Laminated heat exchanger

Abstract

 Tube elements through which heat exchanging medium does not easily flow are eliminated by partitioning one of the two tank groups extending in the direction of lamination approximately at the middle to divide it into a first communicating area 22 and a second communicating area 23. The first communicating area 22 communicates with an intake port 20 though which coolant flows in. The second communicating area 23 communicates with an outlet port 21 through which the coolant flows output. The number of tube elements constituting the first communicating area 22 is greater than the number of tube elements constituting the second communicating area 23. In this 4-pass system laminated heat exchanger, inconsistency in temperature distribution is minimized to achieve an improvement in heat exchanging performance.

Description

[0001] The present invention relates to a laminated heat exchanger used for the cooling cycle and the like of an air conditioning system for vehicles, constituted by laminating tube elements and fins alternately over a plurality of levels and, in particular, it relates to a laminated heat exchanger that employs the so-called 4-pass system, with each tube element being provided with a pair of tanks formed on one side so that heat exchanging medium passes through the tube element on two round-trips as it travels from the intake port to the outlet port.

[0002] The so-called 4-pass system laminated heat exchanger is constituted, as disclosed in Japanese Unexamined Patent Publication No, S63-3153, for instance, by laminating tube elements and fins alternately over a plurality of levels with each tube element being provided with a pair of tanks on one side. The two tanks in this pair communicate with each other via a U-shaped passage and the tank portions in adjacent tube elements are bonded so as to form two tank groups extending in the direction of the lamination. One of the tank groups is partitioned in the middle to divide the inside into two communicating areas and, as shown in Figure 7, an intake port 20 is provided in one of the communicating areas 22 and an outlet port 21 is provided in the other communicating area 23. Thus, the heat exchanging medium that flows in through the intake port 20 travels through the first and second passes which are constituted by the tube elements located toward the intake port from the partitioning portion. It then travels through the third and fourth passes which are constituted by the tube elements located toward the outlet port from the partitioning portion to flow out through the outlet port 21.
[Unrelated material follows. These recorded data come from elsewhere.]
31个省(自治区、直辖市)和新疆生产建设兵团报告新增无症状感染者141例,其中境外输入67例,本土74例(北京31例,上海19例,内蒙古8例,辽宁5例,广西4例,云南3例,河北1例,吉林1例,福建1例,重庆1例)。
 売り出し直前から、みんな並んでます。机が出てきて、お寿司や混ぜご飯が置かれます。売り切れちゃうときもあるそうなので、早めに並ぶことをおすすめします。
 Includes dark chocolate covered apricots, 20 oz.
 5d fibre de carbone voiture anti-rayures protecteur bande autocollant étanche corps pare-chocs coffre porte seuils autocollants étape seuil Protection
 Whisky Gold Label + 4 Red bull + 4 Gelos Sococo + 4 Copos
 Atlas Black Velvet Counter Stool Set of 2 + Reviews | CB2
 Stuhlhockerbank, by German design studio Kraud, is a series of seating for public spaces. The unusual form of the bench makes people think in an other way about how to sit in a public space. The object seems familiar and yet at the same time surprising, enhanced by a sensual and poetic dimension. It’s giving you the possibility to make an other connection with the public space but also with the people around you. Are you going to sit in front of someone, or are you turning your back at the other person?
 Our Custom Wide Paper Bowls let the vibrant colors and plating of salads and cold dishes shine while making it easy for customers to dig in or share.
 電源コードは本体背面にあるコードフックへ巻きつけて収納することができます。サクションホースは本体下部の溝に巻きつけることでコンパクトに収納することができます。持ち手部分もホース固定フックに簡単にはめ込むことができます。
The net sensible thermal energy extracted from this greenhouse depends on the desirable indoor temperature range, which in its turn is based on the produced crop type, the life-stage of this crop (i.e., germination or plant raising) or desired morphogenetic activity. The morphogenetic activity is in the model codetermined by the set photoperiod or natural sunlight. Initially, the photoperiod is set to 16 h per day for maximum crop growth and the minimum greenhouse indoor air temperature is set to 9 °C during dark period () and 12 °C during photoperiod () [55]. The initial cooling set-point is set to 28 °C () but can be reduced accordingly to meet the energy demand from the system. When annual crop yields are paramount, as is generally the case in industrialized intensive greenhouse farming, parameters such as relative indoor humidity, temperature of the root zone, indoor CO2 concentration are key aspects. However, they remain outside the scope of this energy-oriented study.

[0003] However, if the heat exchanging medium used is a coolant, the coolant becomes gradually gassified during the process of heat exchanging and expands. Therefore, in the 4-pass system heat exchangers of the prior art, in order to secure enough cross section area in the passage, fewer tube elements are located toward the intake port from partitioning portion than toward the outlet port. However, from research conducted by this inventor, it has been learned that if the outlet port for heat exchanging medium is provided at one end in the direction of lamination of the tube elements, the temperature of the tube elements in the vicinity of the partitioning portion ( the tube elements separated from the outlet port 21 that constitute area B in Figure 7) among the tube elements constituting the third and fourth passes, increases. As a result, an even temperature distribution over the entire heat exchanger cannot be achieved. This is because when identical tube elements are used for lamination, heat exchanging medium mainly flows through the tube elements nearest the outlet port and it is not easily flow through the tube elements around the partitioning portion .

[0004] Accordingly, an object to the present invention is to provide a laminated heat exchanger which minimizes the inconsistency in temperature distribution to achieve a further improvement in heat exchanger performance.

[0005] This inventor has learned that since heat exchanging medium does not flow efficiently through the tube elements furthest from the outlet port of all the tube elements constituting the third and fourth passes, it would make sense to use those tube elements far away from the outlet port to constitute the first and second passes for improved efficiency and based upon this observation, this inventor has completed the present invention.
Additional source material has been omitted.